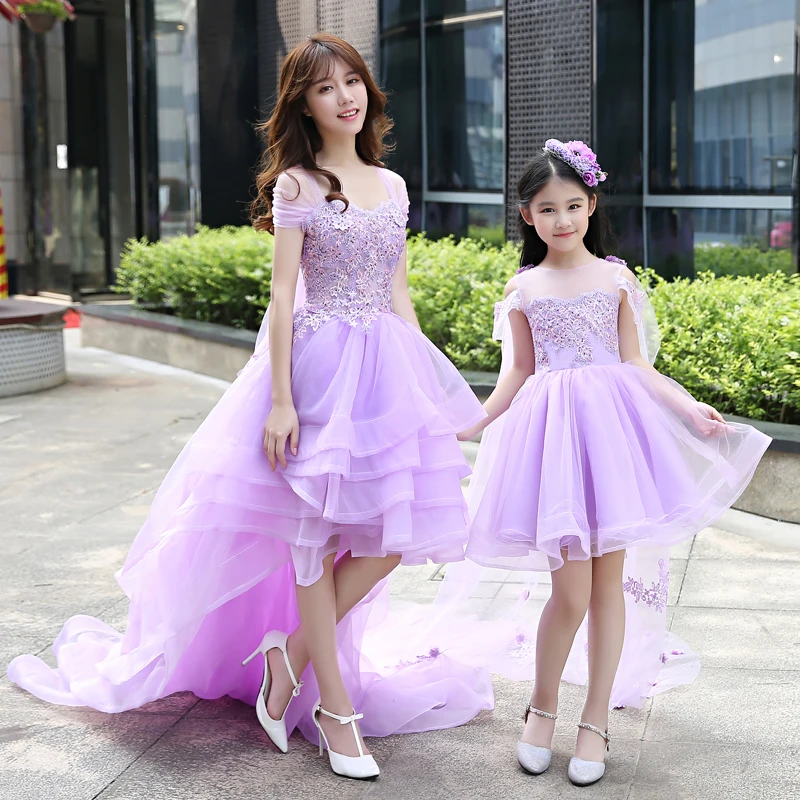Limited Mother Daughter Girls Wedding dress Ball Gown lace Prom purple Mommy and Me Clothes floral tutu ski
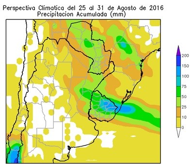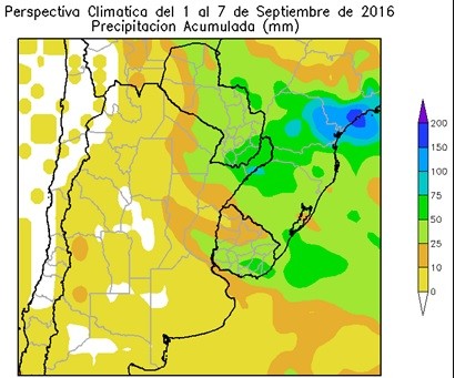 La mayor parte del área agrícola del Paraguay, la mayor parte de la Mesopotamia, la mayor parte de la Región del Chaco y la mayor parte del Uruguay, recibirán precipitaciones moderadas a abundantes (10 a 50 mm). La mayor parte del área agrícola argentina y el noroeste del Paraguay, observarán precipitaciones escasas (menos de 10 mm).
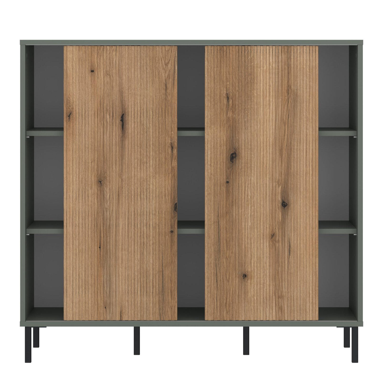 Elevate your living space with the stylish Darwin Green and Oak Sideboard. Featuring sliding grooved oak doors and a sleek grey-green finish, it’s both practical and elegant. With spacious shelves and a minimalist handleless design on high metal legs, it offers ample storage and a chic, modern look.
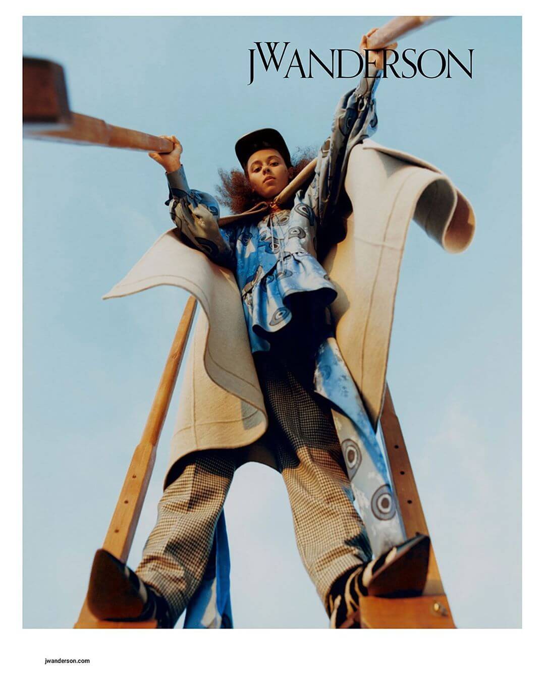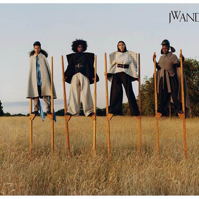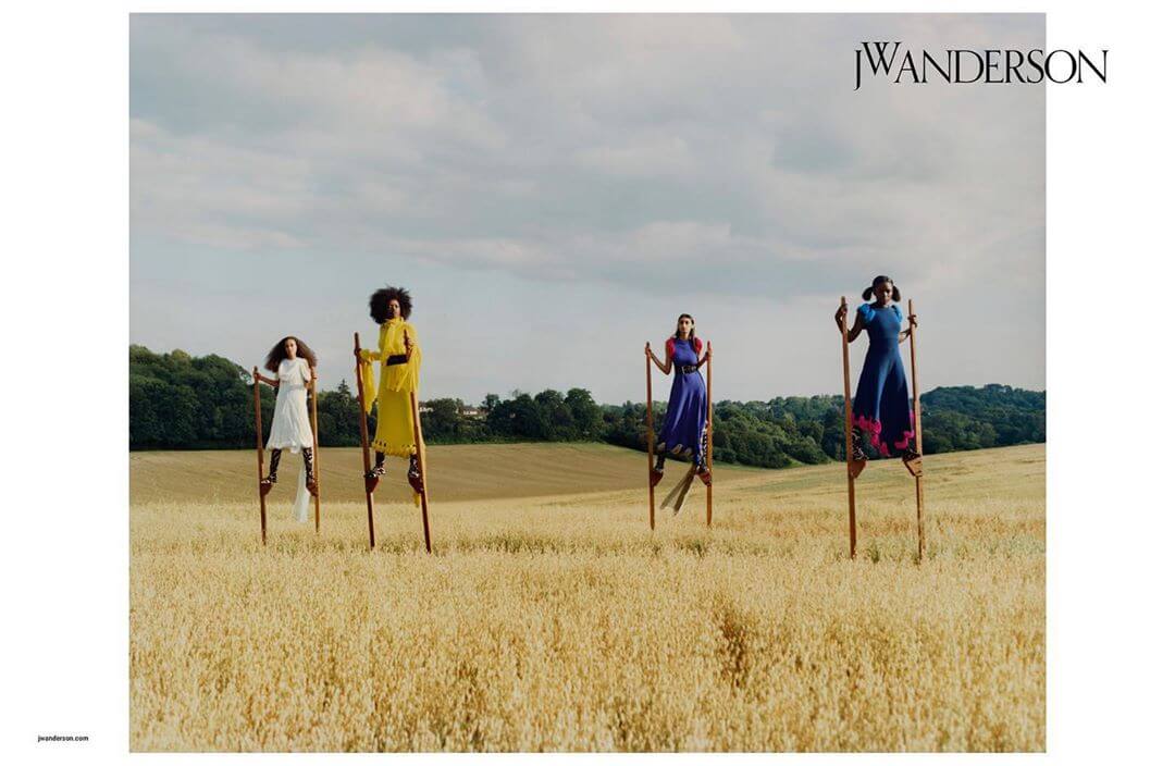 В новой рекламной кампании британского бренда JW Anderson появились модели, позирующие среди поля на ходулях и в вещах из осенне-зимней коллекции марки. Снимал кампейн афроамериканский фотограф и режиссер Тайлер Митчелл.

■ ■ ■ ■ ■

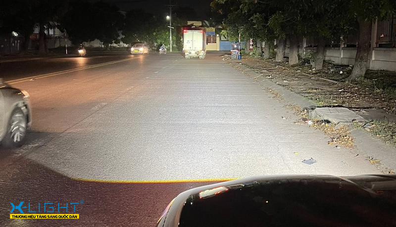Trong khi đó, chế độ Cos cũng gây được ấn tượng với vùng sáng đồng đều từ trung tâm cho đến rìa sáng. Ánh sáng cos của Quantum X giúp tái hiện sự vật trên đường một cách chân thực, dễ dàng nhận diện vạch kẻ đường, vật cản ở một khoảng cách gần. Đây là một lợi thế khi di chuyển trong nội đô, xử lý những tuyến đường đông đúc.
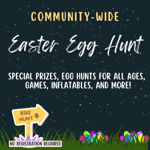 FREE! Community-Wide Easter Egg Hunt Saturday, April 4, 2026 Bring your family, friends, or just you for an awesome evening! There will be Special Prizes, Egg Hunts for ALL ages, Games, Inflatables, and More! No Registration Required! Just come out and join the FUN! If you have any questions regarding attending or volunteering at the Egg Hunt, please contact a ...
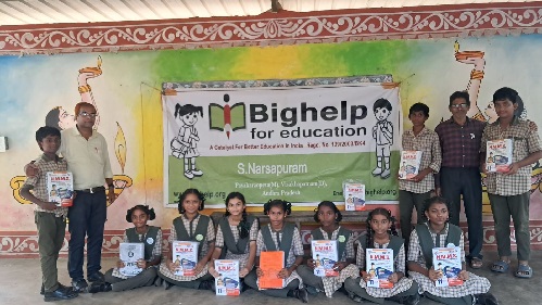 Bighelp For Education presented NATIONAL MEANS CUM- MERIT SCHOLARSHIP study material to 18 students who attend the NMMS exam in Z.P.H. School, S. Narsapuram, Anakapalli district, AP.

■ ■ ■ ■ ■

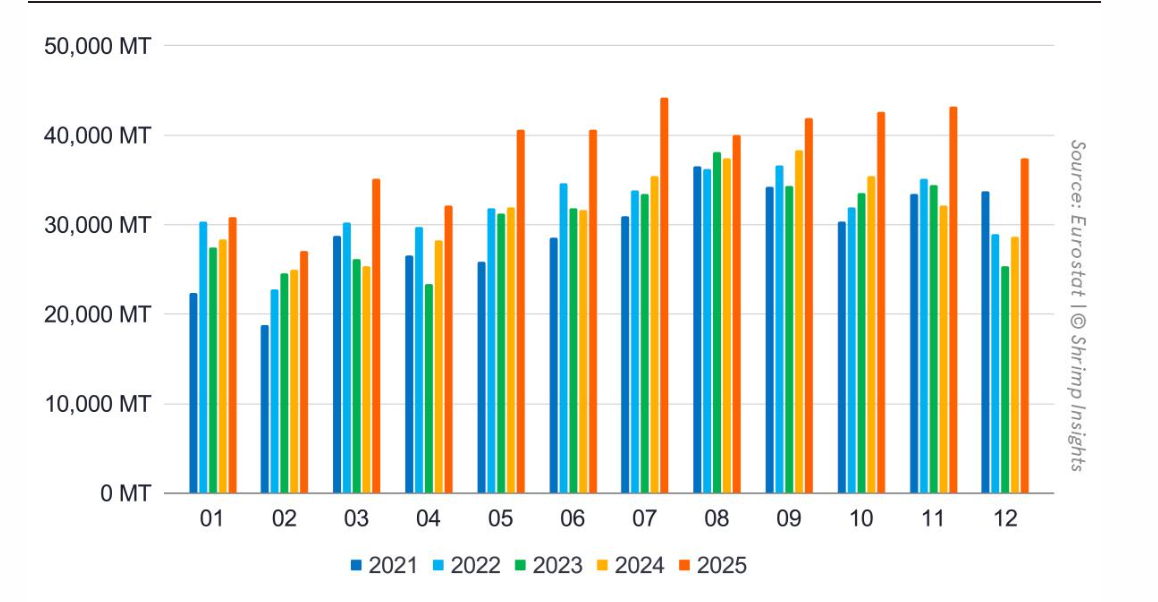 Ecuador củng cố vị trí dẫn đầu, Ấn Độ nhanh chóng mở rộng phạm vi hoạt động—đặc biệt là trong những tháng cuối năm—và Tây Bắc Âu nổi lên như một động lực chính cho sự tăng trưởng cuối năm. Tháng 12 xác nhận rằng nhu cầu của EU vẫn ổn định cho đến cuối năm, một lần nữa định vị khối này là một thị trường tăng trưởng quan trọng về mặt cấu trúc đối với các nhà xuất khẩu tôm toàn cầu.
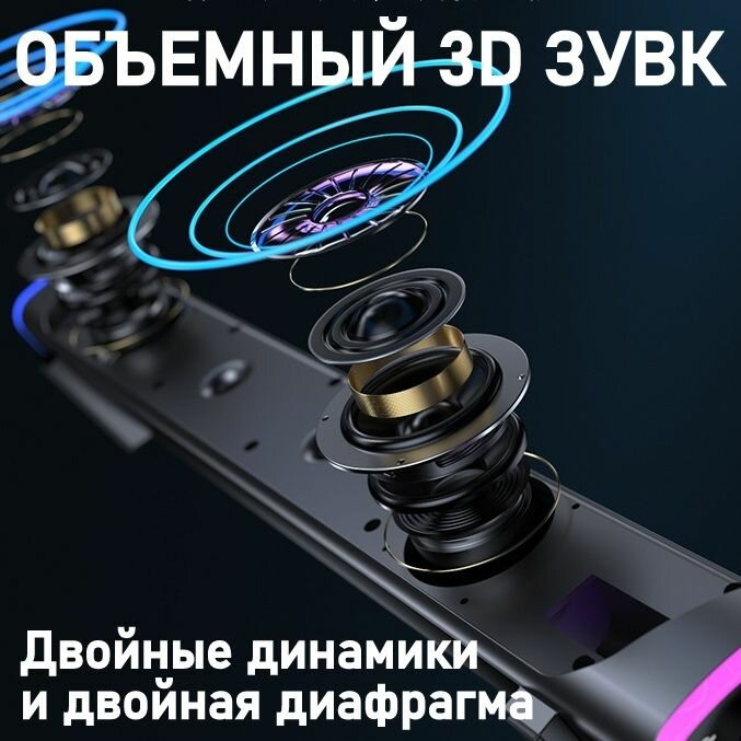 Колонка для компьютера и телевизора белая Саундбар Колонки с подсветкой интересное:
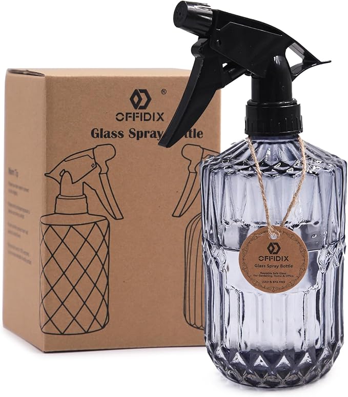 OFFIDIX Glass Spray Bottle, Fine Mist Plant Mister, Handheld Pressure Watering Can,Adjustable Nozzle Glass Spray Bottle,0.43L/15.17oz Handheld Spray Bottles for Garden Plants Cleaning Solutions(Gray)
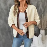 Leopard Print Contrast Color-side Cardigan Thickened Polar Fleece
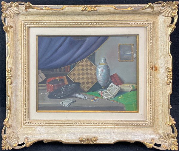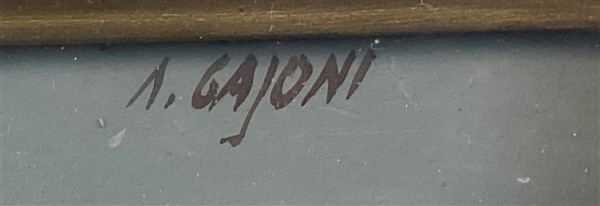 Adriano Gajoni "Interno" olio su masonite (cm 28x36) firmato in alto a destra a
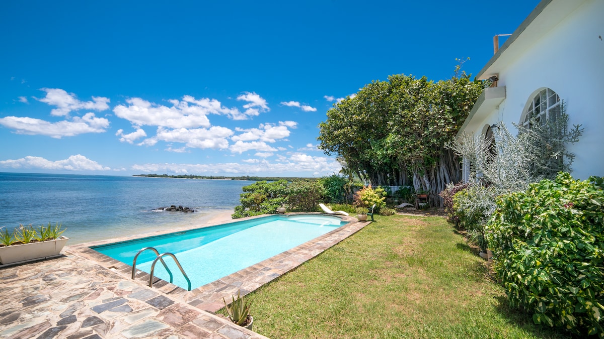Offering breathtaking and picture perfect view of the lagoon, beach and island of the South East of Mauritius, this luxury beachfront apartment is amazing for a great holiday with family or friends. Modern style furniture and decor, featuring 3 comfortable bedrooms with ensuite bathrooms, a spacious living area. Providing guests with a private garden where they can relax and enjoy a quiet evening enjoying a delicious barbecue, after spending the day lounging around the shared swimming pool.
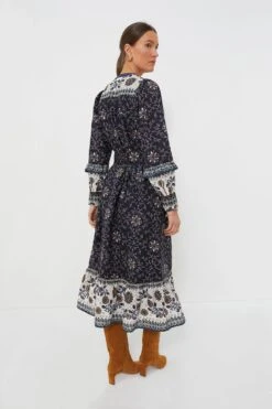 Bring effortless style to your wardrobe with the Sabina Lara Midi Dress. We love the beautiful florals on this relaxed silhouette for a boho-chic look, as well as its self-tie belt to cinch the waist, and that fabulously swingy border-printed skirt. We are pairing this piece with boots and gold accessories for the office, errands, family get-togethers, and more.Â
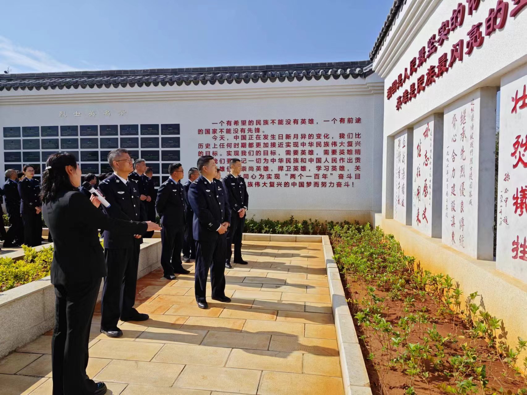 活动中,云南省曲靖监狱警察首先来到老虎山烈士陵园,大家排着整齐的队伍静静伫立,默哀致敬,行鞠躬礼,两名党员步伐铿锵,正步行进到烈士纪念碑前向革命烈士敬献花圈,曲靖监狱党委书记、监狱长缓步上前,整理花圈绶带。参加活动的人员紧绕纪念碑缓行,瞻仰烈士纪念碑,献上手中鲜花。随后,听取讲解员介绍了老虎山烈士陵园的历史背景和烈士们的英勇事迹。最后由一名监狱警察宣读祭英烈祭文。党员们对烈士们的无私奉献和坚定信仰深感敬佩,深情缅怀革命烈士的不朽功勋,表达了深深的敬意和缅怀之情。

■ ■ ■ ■ ■

## Work to complete
Without the pictures, give again exactly the lines above starting at the line containing "Elevate your living" and ending at the line containing "В новой рекламной".

## Answer for this exercise
 Elevate your living space with the stylish Darwin Green and Oak Sideboard. Featuring sliding grooved oak doors and a sleek grey-green finish, it’s both practical and elegant. With spacious shelves and a minimalist handleless design on high metal legs, it offers ample storage and a chic, modern look.
 В новой рекламной кампании британского бренда JW Anderson появились модели, позирующие среди поля на ходулях и в вещах из осенне-зимней коллекции марки. Снимал кампейн афроамериканский фотограф и режиссер Тайлер Митчелл.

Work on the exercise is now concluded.